You’d say Bonnie, I can’t remember that name, I can’t recall what she looks like, but I have a feeling I know her. If you asked what I look like, I don’t think staring at my hands would help, I’d need a mirror, or a camera. Sometimes I feel like I can recall things, when I try nothing comes out. The mirror doesn’t feel like its me, the world doesn’t feel real, and during those times I remember, I remember it feels fake. I remember the earth goes round, gravity keeps me in place, then I almost fall over, because I realize we are not on the ground, what is the ground?

And it happens almost everyday, that my brain might be one to look past the tiny circle of a world we live in, I haven’t met many who do so. When I look at my wrist, I see the veins, and I feel sick. Because you could die, if those arteries broke, and its not a matter of losing your hand, but a matter of the pressure. You can get an aneurysm at any time, so who tells you the body isn’t literally glass. I realize, it could happen at any time, and I feel sick, sick to my stomach.

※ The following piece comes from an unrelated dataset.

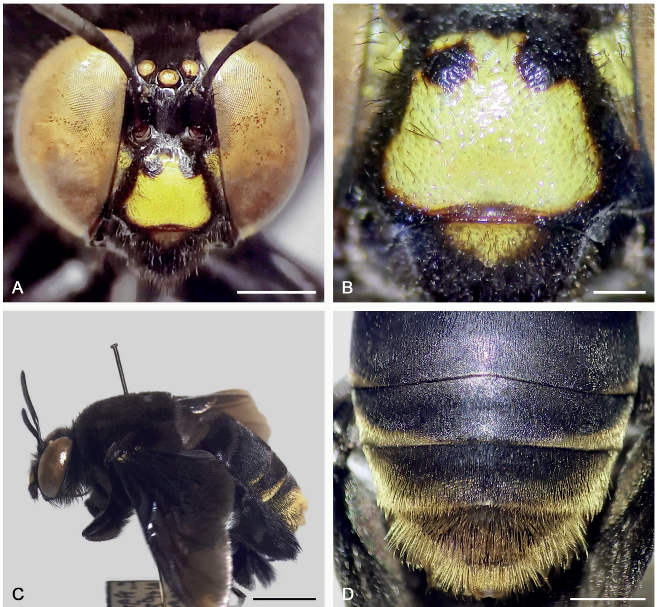
Figura 2. Macho de Centris melanochlaena Smith, 1874. a) Cabeza vista frontal (barra de escala 2 mm). b) Clípeo vista frontal (barra de escala 0.5 mm). c) Habitus vista lateral (barra de escala 4 mm). d) Metasoma vista dorsal (barra de escala 2 mm).

con márgenes laterales negros; mitad superior con dos manchas marrones oscuras, circulares (o relativamente elípticas) e irregulares, fusionadas con el margen superior (Figs. 2a, b). Pubescencia marrón, más clara en el área occipital. Mitad anterior del metasoma mayoritariamente con pubescencia negruzca, con la mitad posterior con pelos amarillentos (Figs. 2c, d). Margen inferior del clípeo cóncavo, más arqueado que el área central de la sutura epistomal. Margen lateral del clípeo casi llegando al ojo compuesto. Distancia más corta entre el ojo compuesto y el ocelo lateral aproximadamente la mitad del diámetro de ese ocelo (Fig. 2a). Labro marrón oscuro a negro, con una mancha amarillenta relativamente triangular en el margen superior (Fig. 2b).

When I think about it, I don’t feel safe with my body, what if I am not being gentle enough? What if it breaks, who will come to stop the bleeding?

Does Earth make sense? And before you answer this question I may ask, think about it for a second, because is this our life, or is it mine? How do you know people are real? Because they respond? You can feel them? Yet I can’t help but wonder, how does that define someone? Is it cut down to that they can feel? But you can’t feel what they do, and that scares me. Because one day you might realize, what defines life. Life isn’t just the animals, it is not just earth, not just your experience, but it could be everything, and most importantly something unnameable. It is called life for a reason, there is no word to describe it other than.

Don’t waste it, because when you die there are two options, you live again or never so. It’s a 50/50 chance I wouldn’t test, because either way you won’t be able to tell them, “You are worth it”.

So, the name was me, I remembered my name. But I know this will all happen again tomorrow, and I will forget, then I will remember, a peaceful loop.